# Focal Loss
Focal loss is amazing and severely underrated. It down-weights easy/confident samples and amplifies gradients of difficult samples.
$
F L\left(p_t\right)=-\alpha_t\left(1-p_t\right)^\gamma \log \left(p_t\right)
$
It introduces two hyperparameters:
**Alpha (α):** A static class-balancing weight, typically set inversely proportional to class frequency.
**Gamma (γ):** A dynamic focusing parameter that modulates each example's loss based on prediction confidence—higher γ more aggressively suppresses easy/well-classified examples while preserving the loss signal from hard/misclassified ones, regardless of their class.

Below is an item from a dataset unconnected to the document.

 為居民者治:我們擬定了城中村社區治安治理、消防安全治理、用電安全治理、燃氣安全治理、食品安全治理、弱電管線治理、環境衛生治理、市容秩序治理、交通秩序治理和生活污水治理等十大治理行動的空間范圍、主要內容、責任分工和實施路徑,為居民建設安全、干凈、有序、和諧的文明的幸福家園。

|$p_t$|Difficulty|CE Loss|$(1-p_t)^2$|Focal Loss|Reduction|
|---|---|---|---|---|---|
|0.95|Very easy|0.051|0.0025|0.00013|~400×|
|0.9|Easy|0.105|0.01|0.00105|100×|
|0.7|Moderate|0.357|0.09|0.032|11×|
|0.5|Hard|0.693|0.25|0.173|4×|
|0.1|Very hard|2.303|0.81|1.865|1.2×|
Because of these two hyperparameters, it's particularly effective when the imbalance correlates with difficulty—which it often does.
The dynamic weighting mechanism can also be thought of as somewhat related to curriculum learning.

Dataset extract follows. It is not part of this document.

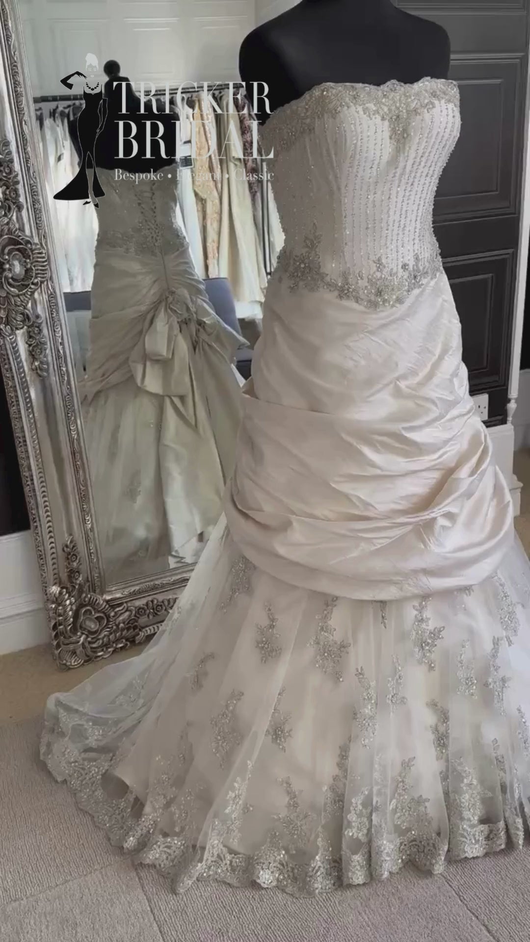 The heavily beaded basque corset shimmers with horizontal silver bugle beaded detailing, cinching the waist to perfection before spilling into a ruched satin bustle that sweeps over a glittering lace underskirt. Every inch is a masterpiece of texture and movement — bows, flowers and all the theatrical flourishes you’d expect from the late, great Ian Stuart.

## Calibration and Overconfidence Regularization
Focal loss reduces the gradient contribution from examples where the model is already confident. This implicitly discourages the network from pushing logits to extremes just to squeeze out marginal loss improvements on easy examples-which is precisely what causes overconfidence. For example if a sample is difficult i.e. it is implicitly 0.8 instead of 1.0 (but the dataset will have it as 1.0 because of binary labels), CE will focus on matching these two probs and thus will push it to 1.0 to eek out more gains in loss.
Focal loss usually improves calibration over cross-entropy, but it's not guaranteed—it depends on the γ (gamma) parameter and the dataset. Research has shown value around 3 is best for regularizing against overconfidence, and it works best on imbalanced/noisy data.